▸ **About this exercise**: Using the data below, set down every line from the one containing "906 c, entire, etc." through the one containing "Cabaña independiente, equipada", inclusive and unchanged. Pictures are to be skipped.

┌─ Input for this task

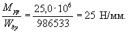 Проверяем условие (5.84) с учетом момента Мур. При этом пренебрегаем в «запас» уменьшением продавливающей силы F за счет нагрузки, расположенной на участке с размерами (а + h0)(b + h0) вокруг колонны
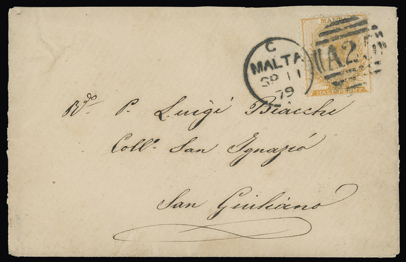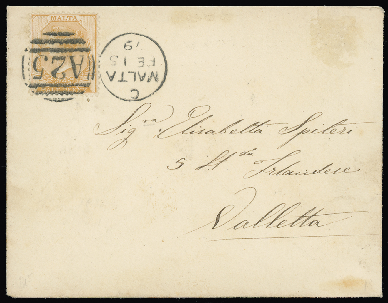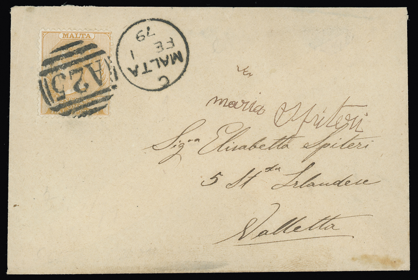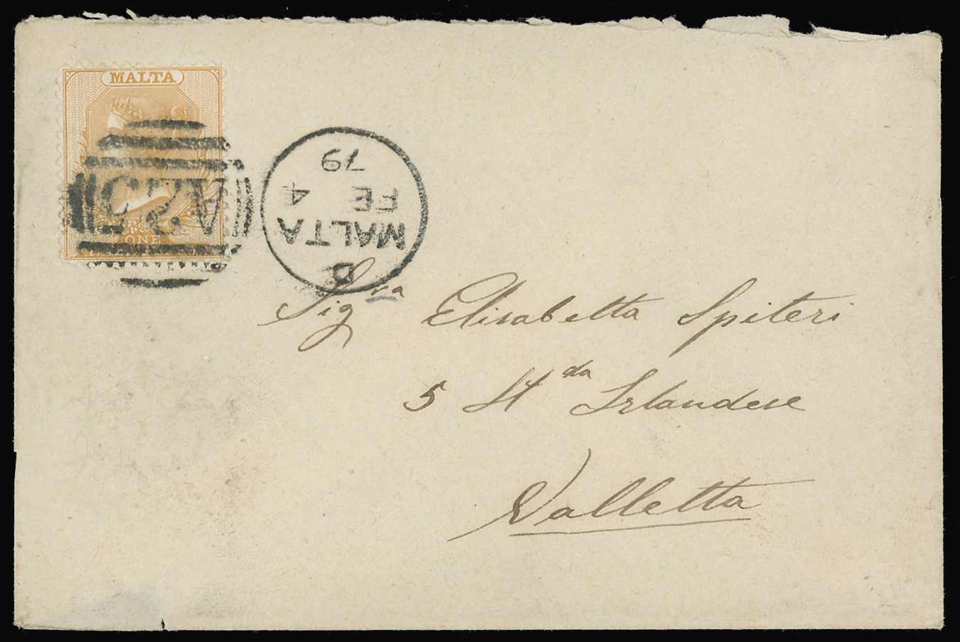 906 c, entire, etc. imageMalta: Issued Stamps: Queen Victoria: 1863-81 Watermark Crown CC, perf. 14 x 121/2 1/2d. buff-yellow, twentieth printing, fine used on 1879 (Feb. 4) cover to Valletta, tied by “A25” duplex. Photo. (Image1)
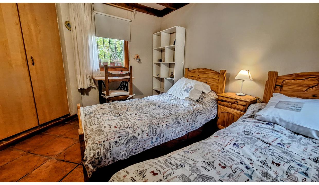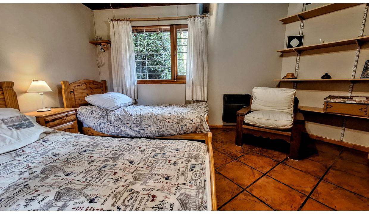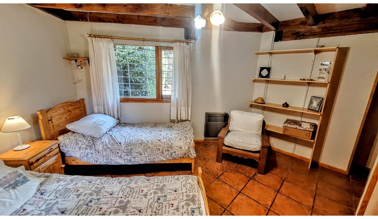 Cabaña independiente, equipada para 5 personas , ubicada en km 7.5 a 2 cuadras de pioneros, cerca del cruce a cerro catedral y de playa bonita. Cuenta con 1 habitación matrimonial, 1 con 2 camas simples y otra con una cama individual. Dos baños con ducha. Cocina equipada, living con tv. Amplio jardín. Chulengo. El auto se deja en la puerta.
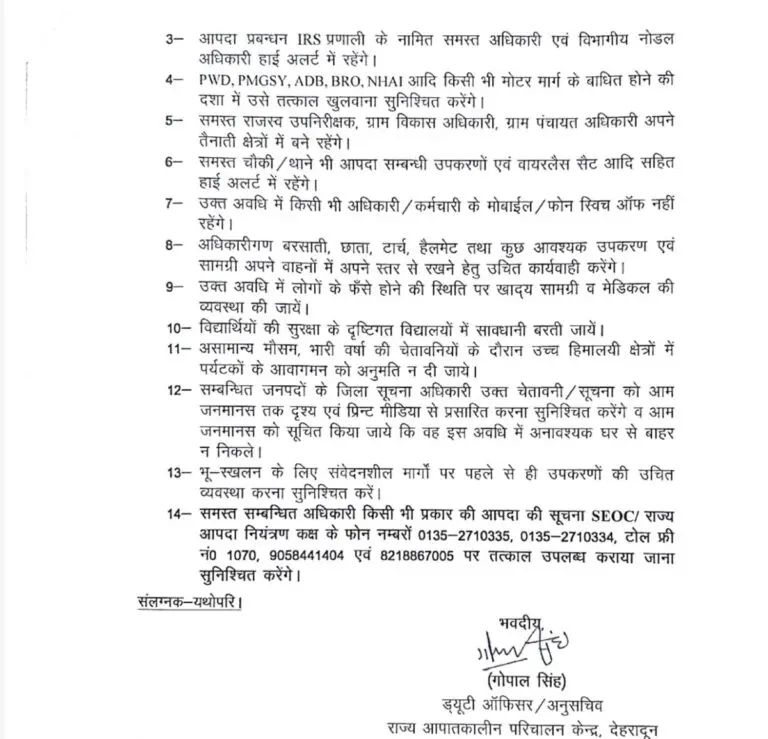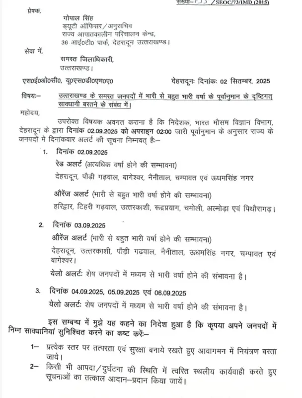 Uttarakhand: Weather Update: उत्तराखंड मौसम विभाग ने बुधवार, 03 सितम्बर 2025 के लिए भारी बारिश का पूर्वानुमान जारी किया है। देहरादून, उत्तरकाशी, पौड़ी गढ़वाल, नैनीताल, ऊधमसिंह नगर, चम्पावत और बागेश्वर जिलों में ऑरेंज अलर्ट घोषित किया गया है। इन जिलों में भारी से बहुत भारी वर्षा होने की संभावना है, जिससे भूस्खलन, सड़क अवरोध और नदियों-नालों का जलस्तर बढ़ने का खतरा बना रहेगा। वहीं प्रदेश के अन्य जिलों के लिए येलो अलर्ट जारी किया गया है, जहां मध्यम से भारी वर्षा हो सकती है। मौसम विभाग ने लोगों से अनावश्यक यात्रा से बचने और सुरक्षित स्थानों पर रहने की सलाह दी है। संवेदनशील क्षेत्रों में रहने वाले लोगों को सतर्क रहने और प्रशासन के निर्देशों का पालन करने की अपील की गई है। आपदा प्रबंधन विभाग ने भी जिला प्रशासन को पूरी तरह अलर्ट मोड पर रहने और आपात स्थितियों से निपटने के लिए तैयार रहने के निर्देश दिए हैं।
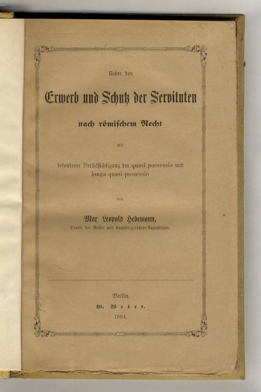 Ueber den Erwerb und Schutz der Servituten nach römischen Recht. Mit besonderer Berücksichtigung der 'quasi possessio' und 'longa quasi possessio'.
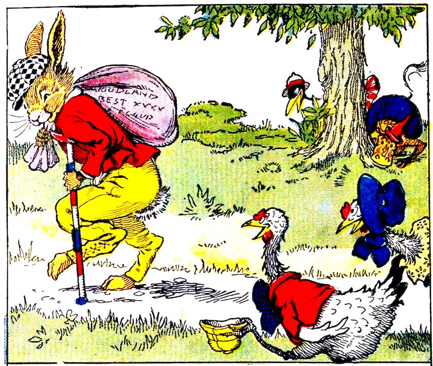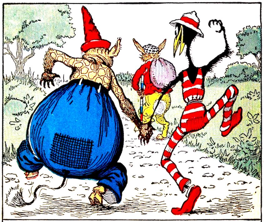 “Good-bye, Uncle Wiggily! Good-bye!” crowed Charlie the rooster chap, as the bunny rabbit gentleman’s bag was filled with chestnuts, and he started for his hollow stump bungalow. “Good-bye!” answered Uncle Wiggily. “When Nurse Jane bakes the nut cake, I’ll save you each a piece for having so kindly helped me!” The Pipsisewah, hiding behind a tree with the Skeezicks, heard what the bunny said and cried: “He must have a cake in that bag! When he isn’t looking, I’ll tear the bag open with my claws and the cake will fall out!”
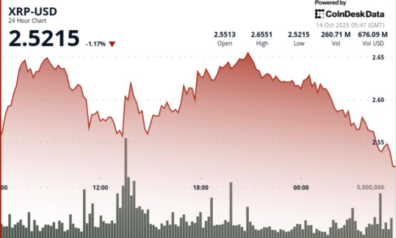 - XRP traded a $0.11 band (4 %) from $2.54 to $2.66 between Oct 13 05:00 and Oct 14 04:00.
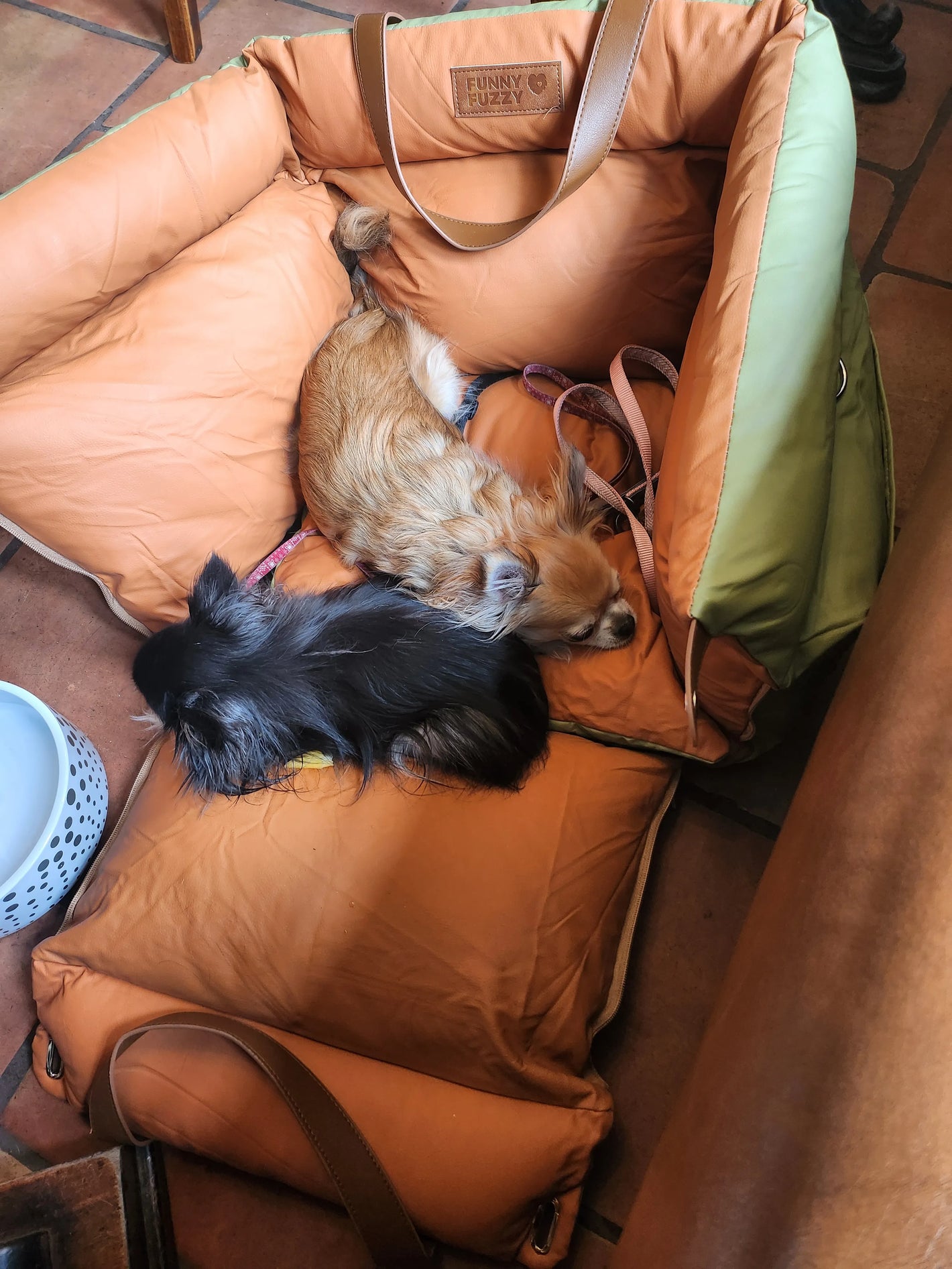 My two chihuahuas fit in this together. It's great for transporting them in the car or for carrying them. We also take it out with us if we go out to eat as we can open it up for them to snooze in when we go out (photo in a local pub). Great quality and quite light and easy to carry, it also looks great.
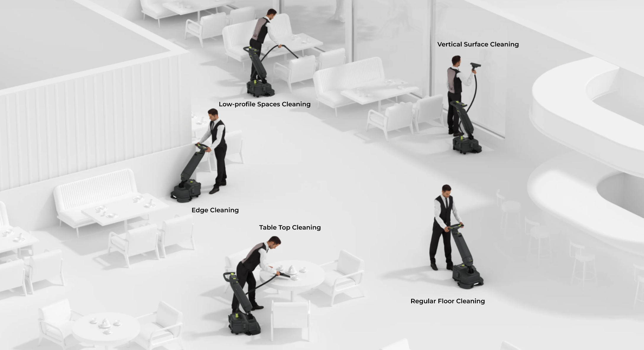 Powerful scrubbing, instant drying, and water-efficient operation in one compact machine.

└─

▸ **Exercise output**:
 906 c, entire, etc. imageMalta: Issued Stamps: Queen Victoria: 1863-81 Watermark Crown CC, perf. 14 x 121/2 1/2d. buff-yellow, twentieth printing, fine used on 1879 (Feb. 4) cover to Valletta, tied by “A25” duplex. Photo. (Image1)
 Cabaña independiente, equipada para 5 personas , ubicada en km 7.5 a 2 cuadras de pioneros, cerca del cruce a cerro catedral y de playa bonita. Cuenta con 1 habitación matrimonial, 1 con 2 camas simples y otra con una cama individual. Dos baños con ducha. Cocina equipada, living con tv. Amplio jardín. Chulengo. El auto se deja en la puerta.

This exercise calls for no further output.